Podsumowanie września 2020

Tak, jak zwykle w podsumowaniach, dzisiaj też zdjęcie ze szczurkiem. Jeśli przyjrzycie się bliżej, to na ramieniu widać kawałek ogonka Dorci. :P

Wrzesień był miesiącem obfitującym w wydarzenia (niekoniecznie te dobre), dlatego cieszę się, że wreszcie nadszedł październik. Mimo że za oknem zimniej, szybciej też robi się ciemniej, to pojawiły się piękne, jesienne kolory, które osobiście uwielbiam. Potrafią zainspirować. :)

W przeciągu trzydziestu dni udało mi się przeczytać 7 książek, co w sumie dało 3213 stron. We wrześniu więc przeczytałam o 197 kartek więcej niż w sierpniu.

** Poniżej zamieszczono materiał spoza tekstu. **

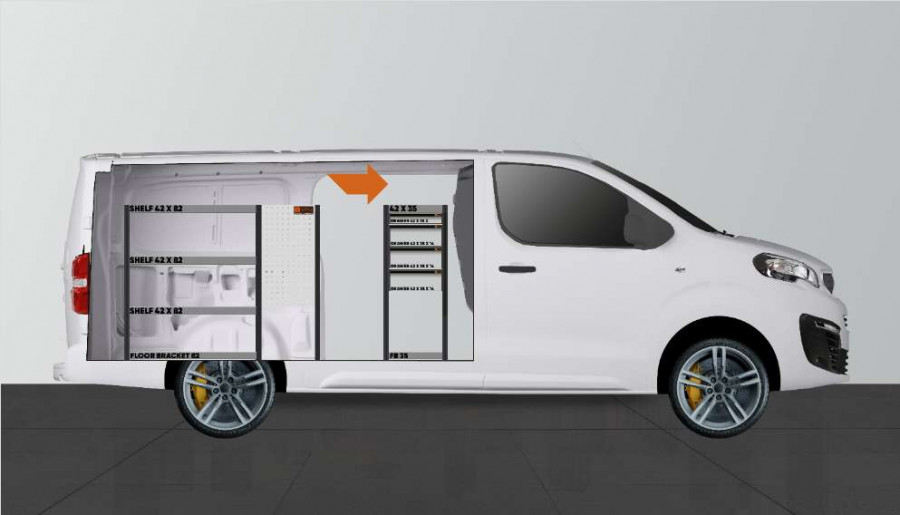 Dette er en av de mest populære innredningene til Peugeot Expert, Citroen Jumpy, Opel Vivaro, Fiat Scudo & Toyota ProAce. Innredningen gir varierende oppbevaringsmuligheter ettersom skuffene på kulelagerskinnene gir smidig tilgang via sidedøren, samtidig som skuffene kan trekkes ut i kjøreretningen for å få god oversikt. Disse kan kompletteres med skuffeinndelere for å maksimere strukturen i et mindre sortiment. Mange dype hyller gir også gode oppbevaringsmuligheter for både verktøykofferter og mindre maskiner. Fordelt lastvekt i skuffene på kulelagerskinner er 35 kg/stk. Skuffenes innvendige mål er (mm) B 308, D 387, H 60 og H 130.

Poza tym wykonałam szybkie przeliczenie i okazało się, że dziennie czytałam 107 stron, co w zestawieniu brzmi jak zadziwiająco niemożebna liczba. 


Co czytałam?


1) Kontynuację przygód Oskara Blajera, brutalny thriller igrający z emocjami, czyli Obsesję Adriana Bednarka - recenzja.
2) Po raz pierwszy zetknęłam się z piórem Pauliny Hendel, które tak mi się spodobało, że od razu pochłonęłam dwie pierwsze części Zaginionej Księgi - Strażnika (recenzja) oraz Tropiciela (recenzja pojawi się na dniach)
3) Klimatyczne horrory Marcina Mortki - Miasteczko Nonstead (recenzja) oraz Hellware (recenzja)
4) Niesamowitą antologię opowiadań Jest krew wprost od znanego wszystkim Stephena Kinga - recenzja
oraz
5) Część pierwszą Domu Ziemi i Krwi Sarah J. Maas (recenzja) - książka jest moim faworytem września.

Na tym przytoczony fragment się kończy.